Much as I love to write, sitting down to do it surely the most difficult part—just that act of getting started. I tend to distract myself with mundane activities that need doing and often push my writing off into a corner. It will sit there quietly for a while, but it grows impatient over time, and begins to whine for my attention. Once I finally submit and surrender myself, I become engrossed and lose all track of time. That’s how I know I’m doing what I’m meant to do.
When and where do you do your writing?
I typically write in the afternoons, after all of my doldrum work has been done. I’m not picky so much about where I write as I am about what’s going on around me. Some authors zing out paragraph after paragraph to the beat of a frisky tune. Some write in coffee shops, surrounded by jabbering hipsters and cash register pings. Me, I need absolute quiet when I write, or I go mad.
What have you learned about promoting your books?
Sadly, I feel that I’ve learned very little about promoting my books! I consider myself a work in progress. There are always more tips, more routes, and more platforms to promote books. The more you look for them, the more flabbergasting it is just how many there are! I know that some authors swear by promoting their works in person, while others have calculated social media methods. Me, I just try to follow the advice of those who have gone before me, and pray that I’ve bet on the right horse!
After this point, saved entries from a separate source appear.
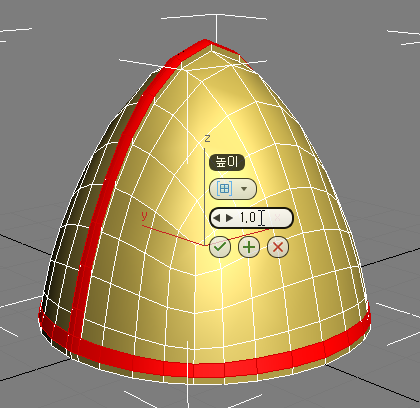 편집 패널에서 다음으로 헬멧의 테두리와 수직 이음새를 구성할 돌출을 두 개 추가합니다.
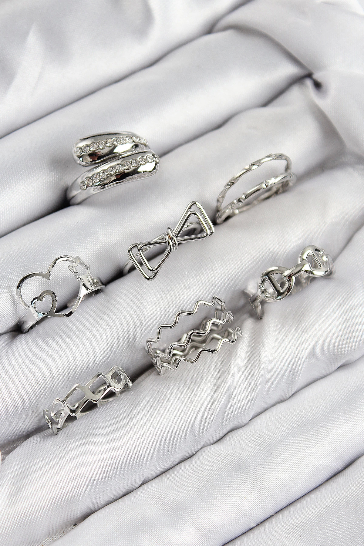 Pirinç Zirkon Taşlı Fiyonk Ve Kalp Model Gümüş Renk Kadın Yüzük Kombin Set
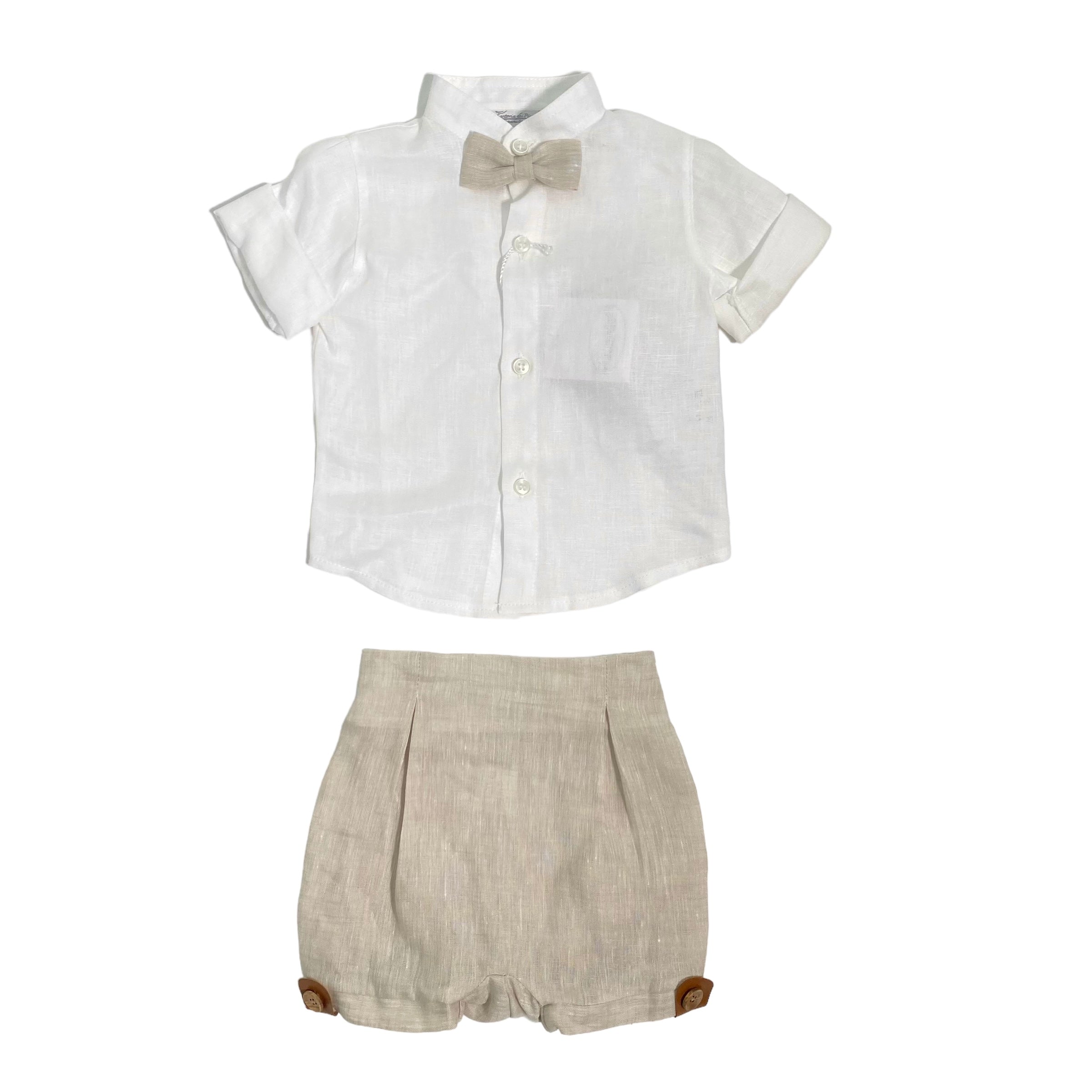 Completo elegante in lino con pantaloncino a sbuffo beige in tinta unita e camicia manica lunga risvoltabile con collo coreano, in tinta unita bianca.
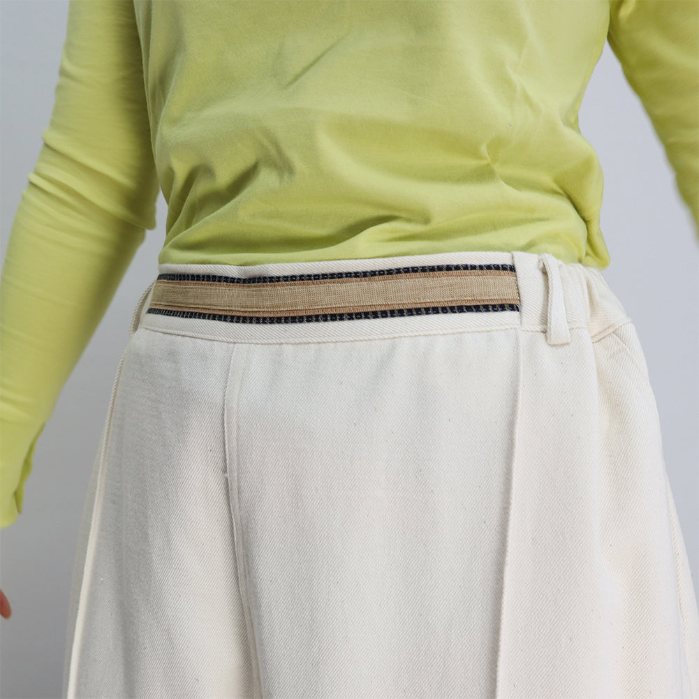 寬直的廓形,前褲中央有2毫米的細褶,即使搭配休閒褲也很漂亮。前面的腰帶是一個設計點,布料重疊,就像配件一樣。大後袋有 J Tyrol 貼袋。

What are you most proud of as a writer?
I must say, there’s just something about holding that completed, published work in your hands. Just clutching that little piece of you that’s made its way out into the world and achieved physical form is really sobering for me. And of course, I bust my buttons when I encounter someone whose read and enjoyed my books. I typically just stare at them in awe, as if they’re a figment of my own imagination.
If you could have dinner with any writer, living or dead, who would it be and what would you talk about?
Famous or common, accomplished or forgettable—to me, a person is a person. I’ve never been one to swoon over celebrities or stalk the daily happenings of well-to-do-families, so having dinner with Jane Smith who just wrote her first book wouldn’t be much different to me than sitting down beside J.K. Rowling. That said, I greatly admire Rowling’s charity work, as well as her level of involvement with the Harry Potter series and films. She’d be a dandy person to share a meal with.
Kristine Kibbee is a delightfully contrary Pacific Northwest writer with a fascination for all things literary. Kristine’s passion for creative writing began in her early youth and led her to the doors of Washington State University, where she earned a degree in Humanities, with a focus in Professional Writing.
Kristine has since had works published in The Vancougar, The Salal Review Literary Review, S/Tick Literary Review and is a featured columnist for the nationally syndicated magazine, Just Frenchies. Kristine’s novella, The Mischievous Misadventures of Dewey the Daring, is available on Amazon.com and her middle-grade fantasy novel, Whole in the Clouds, was released in November 2014 with Zharmae Publishing. She anticipates the publication of her comedic collectionof dog stories, Frenchie ‘Tails,’ - which are short, cheeky and ripe with mischief-- in November of 2015; also with Zharmae Publishing.